Ce qu’on appelle parfois la « grande démission » est en réalité une mobilité accrue des salariés qui va durer. Alors comment attirer et garder les meilleurs ? Là aussi pas de recette miracle mais les « recettes classiques RH (gestion de carrières, rémunérations, GPEC, etc.) et managériales (management par objectifs…) ne suffisent absolument plus.

Que veut dire l’expression « donner du sens » que l’on entend à tort et à travers ? Simplement que l’on veut savoir où l’on va et travailler pour une aventure que l’on partage collectivement. C’est la condition sine qua non de l’engagement des équipes. La responsabilité du chef d’entreprise est ici immense car il doit (pour rester dans les paraboles montagnardes) indiquer le sommet à atteindre et, malgré les chocs, être le garant de la parfaite cohérence entre les discours et les actions dans l’entreprise (et être lui-même d’une parfaite exemplarité).

Les axes RSE, sociétaux ou l’amélioration des conditions de vie au travail sont indispensables pour impliquer les jeunes générations, à condition que cela ne soit pas du « washing » et qu’elles s’inscrivent concrètement dans la stratégie et les choix de tous dans l’entreprise - à commencer par le haut.

Se focaliser sur le client

C’est un peu une tarte à la crème mais il convient toujours de le rappeler : le vrai actif d’une entreprise est la reconnaissance et la fidélité de ses clients. Trop de PME et ETI réfléchissent encore à leur développement en travaillant leur offre (avec les investissements corollaires) sans penser suffisamment aux clients auxquels elle est destinée – ses besoins, ses priorités mais aussi la dimension éthique et responsable portée par l’offre, etc.

Tous les dirigeants s’accordent à dire que ce qui compte, c’est que l’offre rencontre son marché. Force est de constater que sur ce point, il y a encore trop de décalage observé entre le discours et les faits.

Prévenir solitude et …burnout

Dernier point-clé : garder la tête froide. Face à la vitesse des chocs et des changements et aux décisions impliquantes que l’époque nécessite (notamment en matière d’investissement), il est normal d’avoir des, de se poser des questions… Le problème numéro un des dirigeants de PME est la solitude et le manque de temps. Or, rien n’est pire que de prendre des décisions sous le coup du stress et sans recul, tout chef d’entreprise le sait... Encore faut-il qu’il se donne les moyens de prendre ce recul nécessaire et d’échanger avec les bons interlocuteurs avant de décider.

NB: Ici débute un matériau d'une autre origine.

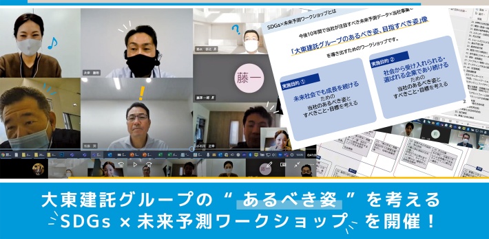 大東建託グループ「SDGs・ESG経営推進プロジェクト」では、2020年11月、“未来社会の大東建託グループ”を考えることで、大東建託グループの“あるべき姿”見つけ出すためのワークショップ「SDGs×未来予測ワークショップ」を実施しました。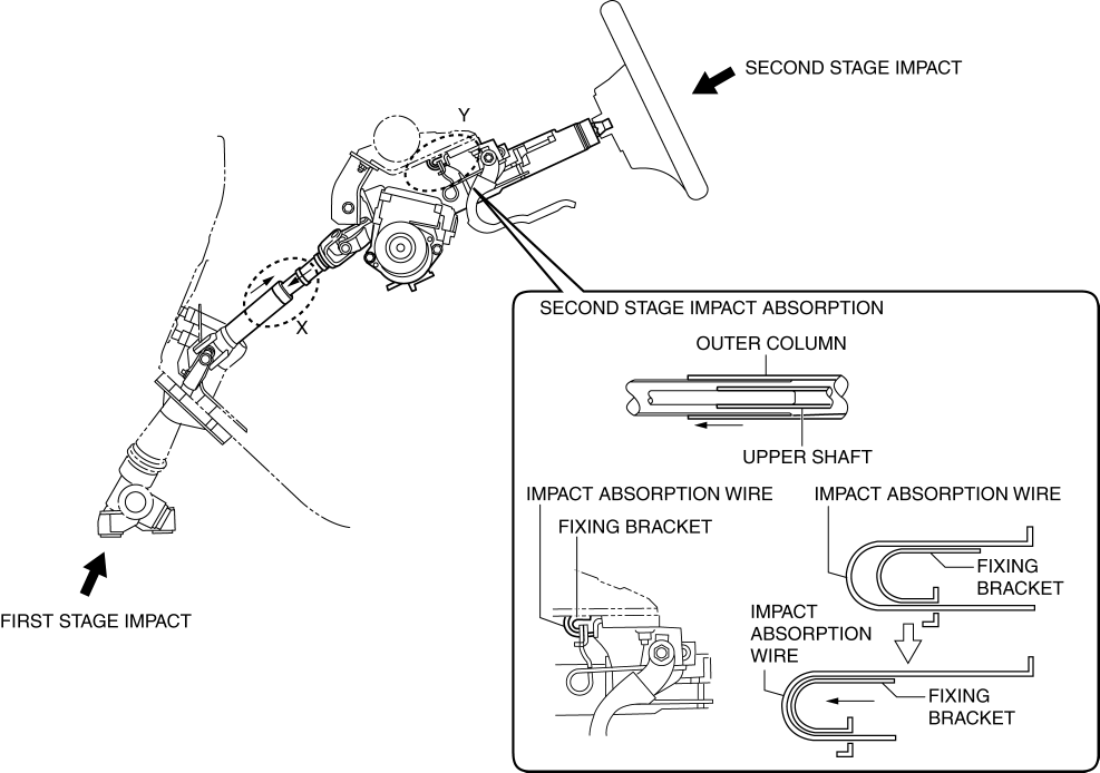 When the body of the driver contacts the steering wheel (second stage impact), the fixing bracket comes off the dashboard member, and the upper shaft and the outer column slide forward. At this time, the impact absorption wire (one part secured to instrument panel member) deforms to absorb the impact to the driver. (Section Y in the figure)

Aujourd’hui beaucoup d’études montrent que le risque de burnout est très prégnant chez les dirigeants de PME. Sur ce sujet, toujours pas de recommandations révolutionnaires mais toujours les conseils de rester à l’écoute des signaux faibles et retours de son entourage professionnel et personnel, de garder des moments de soupape, et d’échanger avec et de s’appuyer sur des pairs, qu’ils soient chefs d’entreprise ou operating partners.

Le temps s’accélère, les chefs d’entreprise n’ont plus le temps d’attendre. Ils doivent être en veille, aller vite, avoir une vision à long terme et l’ambition de s’inscrire dans le monde de demain. Il est temps d’agir maintenant.